Таково было состояние юного священника, и так очевидна была перспектива того, что свет его жизни вскоре угаснет прежде времени, когда в городе вдруг появился Роджер Чиллингворс. Первый его выход на сцену мало кто помнил, он словно упал с неба или соткался из праха, что было крайне таинственно и легко могло вырасти в сознании многих до чуда. Ныне же он стал известен как мастер своего дела. Многие видели его собирающим травы и цветки диких растений, выкапывающим корни и срывающим кору с лесных деревьев, как человека, хорошо знакомого с полезными свойствами того, что непосвященным казалось бесполезным. Слышали, как он говорит о сэре Кенельме Дигби и других знаменитых людях – чьи научные достижения казались едва ли не сверхъестественными, – словно они были его знакомыми и состояли с ним в переписке. Так почему же, с подобным рангом в мире ученых, он приехал сюда? Что мог он, тот, чьей сферой были большие города, искать в глуши? В качестве ответа на эту загадку вскоре соткался слух – и, при всей своей абсурдности, был подхвачен вполне разумными людьми, – что Небеса сотворили истинное чудо и перенесли выдающегося доктора медицины из университета в Германии, перенесли во плоти по воздуху и опустили на землю у двери кабинета мистера Диммсдэйла! Более мудрые в своей вере господа, знавшие, что Небо творит дела свои без театральных эффектов в виде чудесного перемещения, в столь удачном приезде Роджера Чиллингворса предпочитали видеть руку Провидения.

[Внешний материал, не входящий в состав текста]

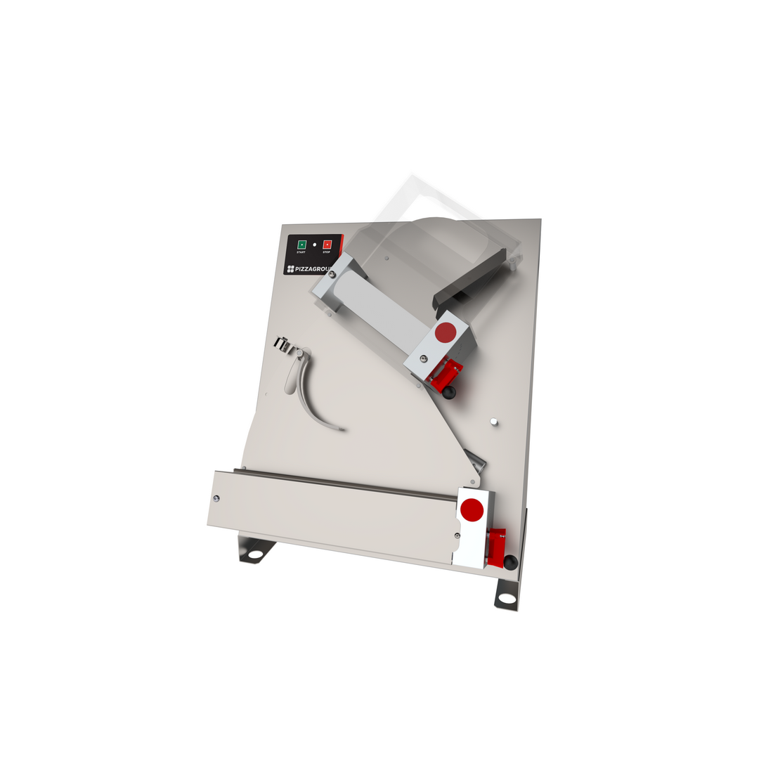 Formadora de masas de pizza para diámetros de 300 a 430mm, con dos rodillos de resina alimentaria. Está fabricada en acero inoxidable, su potencia es: 370W. Modelo de Fabricación Italiana. Rodillos alineados. Pedal incluido.

Эту идею поддерживал сильнейший интерес, который врач всегда проявлял по отношению к молодому священнику; присоединившись к его пастве, он старался завоевать дружеское расположение и доверие своего отстраненного духовного наставника. Он выражал глубокую озабоченность состоянием здоровья своего пастора и был неутомим в попытках начать исцеление, заранее брал на себя обязательства за успешность результата. Старейшины, дьяконы, почтенные матроны и юные девы из паствы мистера Диммсдэйла уверяли священника, что он должен воспользоваться столь чистосердечно предложенными умениями врача. Мистер Диммсдэйл мягко отказывался.
– Мне не нужны лекарства, – говорил он.
Но как он мог подобное утверждать, когда после каждой успешной мессы щеки его становились бледнее и опадали, голос дрожал сильнее, чем раньше, и когда стало постоянной привычкой вместо редкого жеста прижимание руки к сердцу? Неужто он устал от своих трудов? Неужели желал умереть? Эти вопросы строго задавали мистеру Диммсдэйлу старейшие священники Бостона и дьяконы его церкви, которые, по их собственному выражению, «разбирались с ним» во грехе отказа от помощи, которую само Провидение так настойчиво предлагало. Он выслушивал это молча и наконец пообещал посетить врача.